What is being asked: The listing below should be printed again word for word, without any images.

Available data:

-=-=-

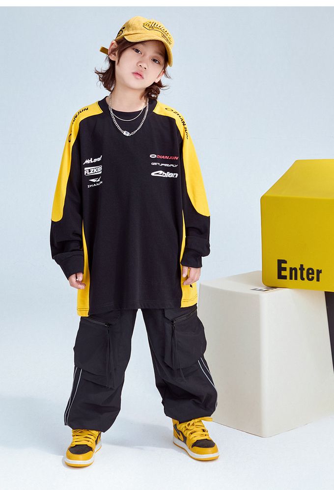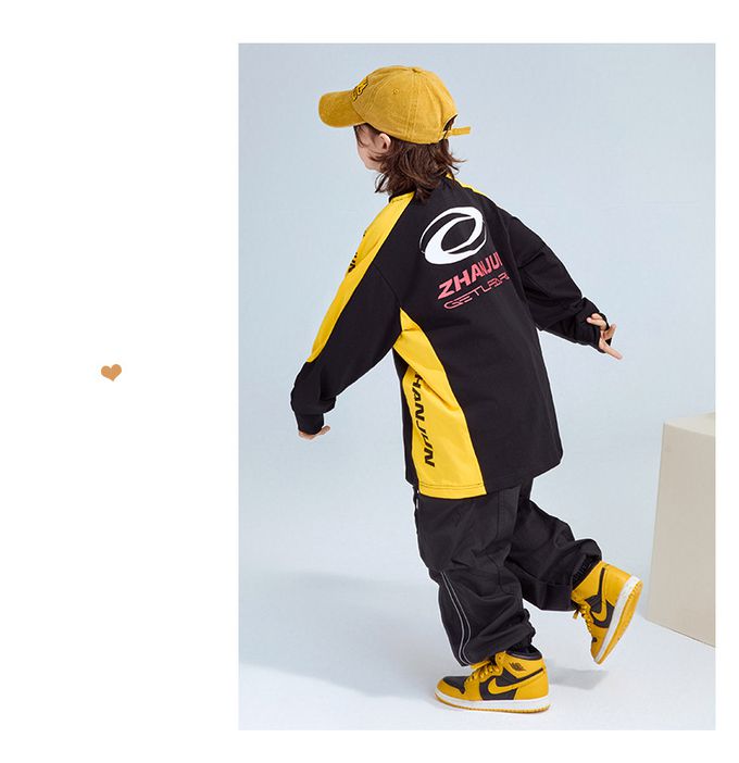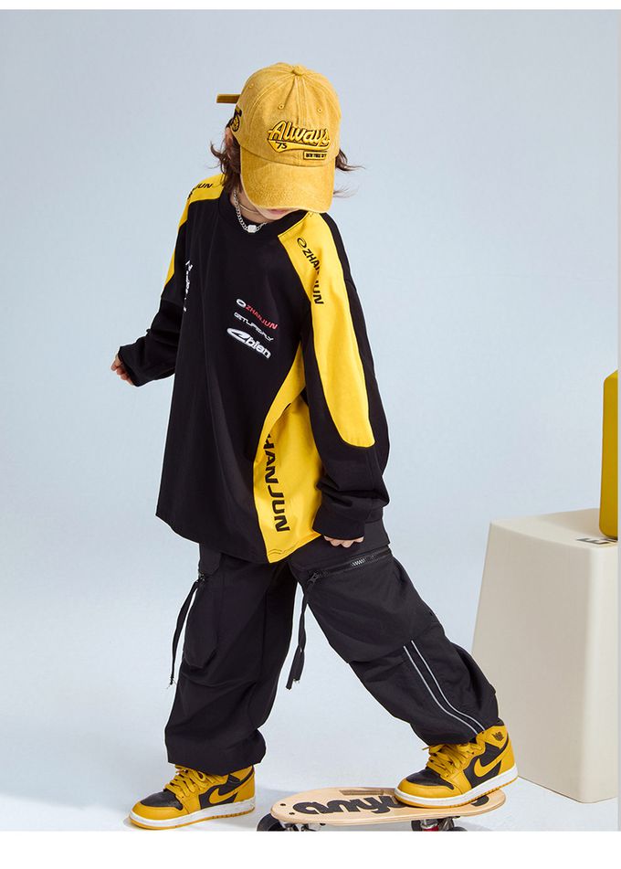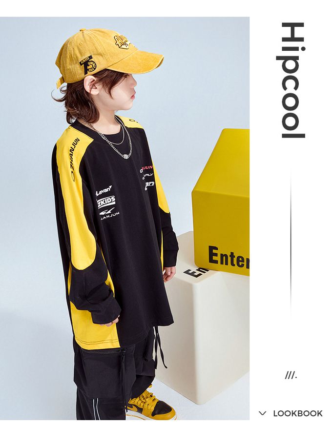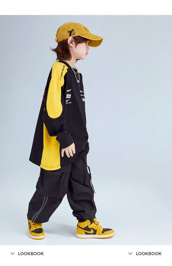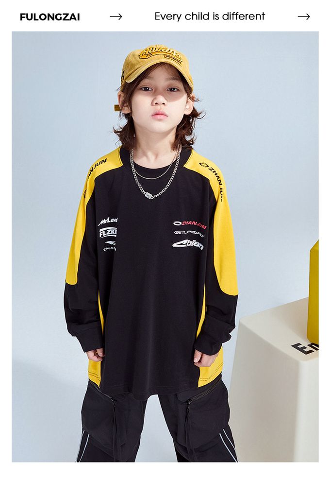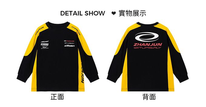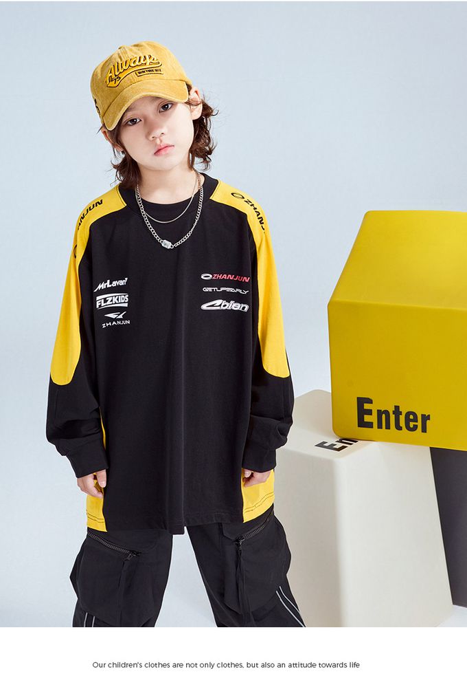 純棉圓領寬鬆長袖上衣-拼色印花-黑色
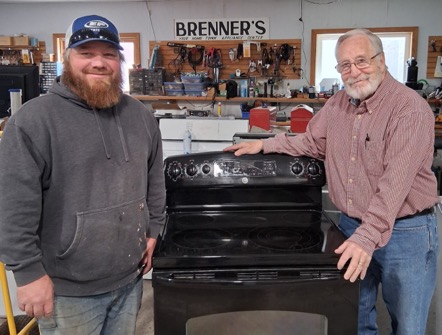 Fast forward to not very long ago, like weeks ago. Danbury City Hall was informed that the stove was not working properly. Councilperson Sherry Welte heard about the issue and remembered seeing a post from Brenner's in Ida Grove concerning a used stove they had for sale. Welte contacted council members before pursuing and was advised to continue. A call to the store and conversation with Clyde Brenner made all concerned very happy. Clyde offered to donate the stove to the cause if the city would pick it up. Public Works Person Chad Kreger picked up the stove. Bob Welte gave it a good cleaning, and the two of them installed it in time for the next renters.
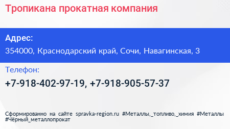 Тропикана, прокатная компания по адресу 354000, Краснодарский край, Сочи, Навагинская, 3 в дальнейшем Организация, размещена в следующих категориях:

-=-=-

Response:
 純棉圓領寬鬆長袖上衣-拼色印花-黑色
 Fast forward to not very long ago, like weeks ago. Danbury City Hall was informed that the stove was not working properly. Councilperson Sherry Welte heard about the issue and remembered seeing a post from Brenner's in Ida Grove concerning a used stove they had for sale. Welte contacted council members before pursuing and was advised to continue. A call to the store and conversation with Clyde Brenner made all concerned very happy. Clyde offered to donate the stove to the cause if the city would pick it up. Public Works Person Chad Kreger picked up the stove. Bob Welte gave it a good cleaning, and the two of them installed it in time for the next renters.
 Тропикана, прокатная компания по адресу 354000, Краснодарский край, Сочи, Навагинская, 3 в дальнейшем Организация, размещена в следующих категориях:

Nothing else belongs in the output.